Task item: Everything below from the line with "Lightweight doesn’t mean" through the line with "STOM500 | Light" must be retyped exactly, except the pictures.

Source records:

────────────────

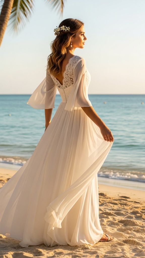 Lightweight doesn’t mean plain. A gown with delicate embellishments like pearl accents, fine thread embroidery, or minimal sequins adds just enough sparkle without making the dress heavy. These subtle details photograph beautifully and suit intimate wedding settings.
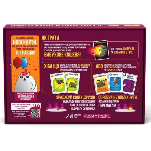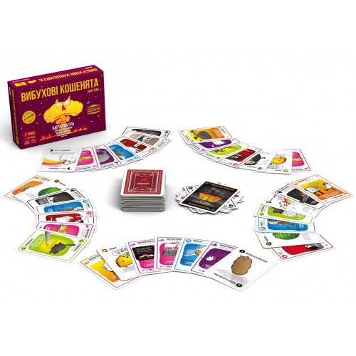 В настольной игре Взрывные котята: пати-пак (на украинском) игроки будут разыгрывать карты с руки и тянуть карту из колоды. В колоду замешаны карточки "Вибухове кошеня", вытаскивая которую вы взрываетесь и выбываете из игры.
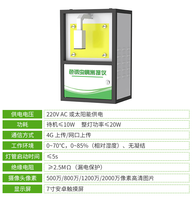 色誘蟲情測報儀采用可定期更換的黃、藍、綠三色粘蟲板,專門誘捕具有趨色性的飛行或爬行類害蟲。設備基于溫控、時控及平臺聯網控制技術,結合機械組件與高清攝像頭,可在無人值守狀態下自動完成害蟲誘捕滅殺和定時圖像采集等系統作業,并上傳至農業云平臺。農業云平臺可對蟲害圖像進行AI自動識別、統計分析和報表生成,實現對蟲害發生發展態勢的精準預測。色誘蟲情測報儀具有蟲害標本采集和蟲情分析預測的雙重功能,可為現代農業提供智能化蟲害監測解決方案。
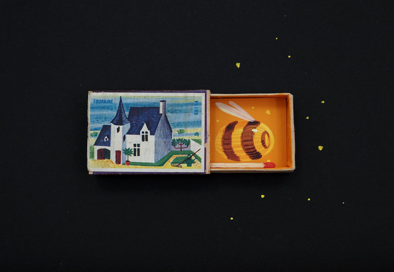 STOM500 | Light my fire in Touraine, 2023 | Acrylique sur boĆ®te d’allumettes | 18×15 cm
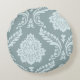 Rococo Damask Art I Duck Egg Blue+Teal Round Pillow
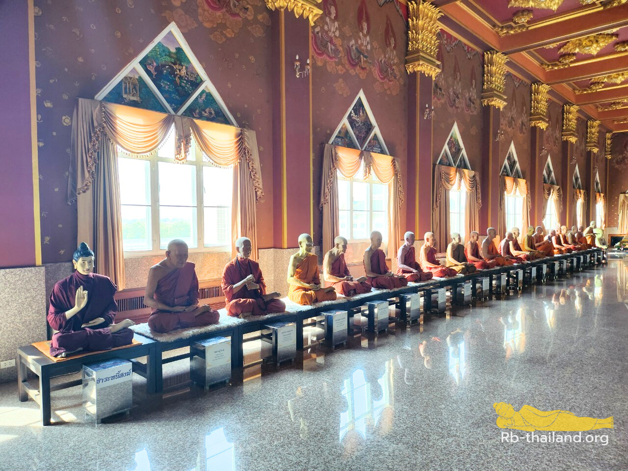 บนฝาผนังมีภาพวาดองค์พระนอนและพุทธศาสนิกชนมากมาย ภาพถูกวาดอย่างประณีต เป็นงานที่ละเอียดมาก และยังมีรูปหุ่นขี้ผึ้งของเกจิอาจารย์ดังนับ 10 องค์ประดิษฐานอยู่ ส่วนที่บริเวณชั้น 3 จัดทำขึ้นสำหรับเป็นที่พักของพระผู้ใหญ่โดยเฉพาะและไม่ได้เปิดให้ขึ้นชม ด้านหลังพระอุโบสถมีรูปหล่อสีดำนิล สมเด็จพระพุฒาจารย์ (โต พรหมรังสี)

────────────────

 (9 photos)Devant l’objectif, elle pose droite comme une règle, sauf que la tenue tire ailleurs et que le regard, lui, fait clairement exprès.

────────────────

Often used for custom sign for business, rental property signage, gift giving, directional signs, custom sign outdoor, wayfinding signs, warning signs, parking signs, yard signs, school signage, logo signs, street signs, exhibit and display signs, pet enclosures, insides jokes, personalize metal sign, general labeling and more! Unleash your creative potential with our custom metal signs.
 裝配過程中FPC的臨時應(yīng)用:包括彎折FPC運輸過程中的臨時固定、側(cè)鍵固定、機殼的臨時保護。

────────────────

Answer:
 Lightweight doesn’t mean plain. A gown with delicate embellishments like pearl accents, fine thread embroidery, or minimal sequins adds just enough sparkle without making the dress heavy. These subtle details photograph beautifully and suit intimate wedding settings.
 В настольной игре Взрывные котята: пати-пак (на украинском) игроки будут разыгрывать карты с руки и тянуть карту из колоды. В колоду замешаны карточки "Вибухове кошеня", вытаскивая которую вы взрываетесь и выбываете из игры.
 色誘蟲情測報儀采用可定期更換的黃、藍、綠三色粘蟲板,專門誘捕具有趨色性的飛行或爬行類害蟲。設備基于溫控、時控及平臺聯網控制技術,結合機械組件與高清攝像頭,可在無人值守狀態下自動完成害蟲誘捕滅殺和定時圖像采集等系統作業,并上傳至農業云平臺。農業云平臺可對蟲害圖像進行AI自動識別、統計分析和報表生成,實現對蟲害發生發展態勢的精準預測。色誘蟲情測報儀具有蟲害標本采集和蟲情分析預測的雙重功能,可為現代農業提供智能化蟲害監測解決方案。
 STOM500 | Light my fire in Touraine, 2023 | Acrylique sur boĆ®te d’allumettes | 18×15 cm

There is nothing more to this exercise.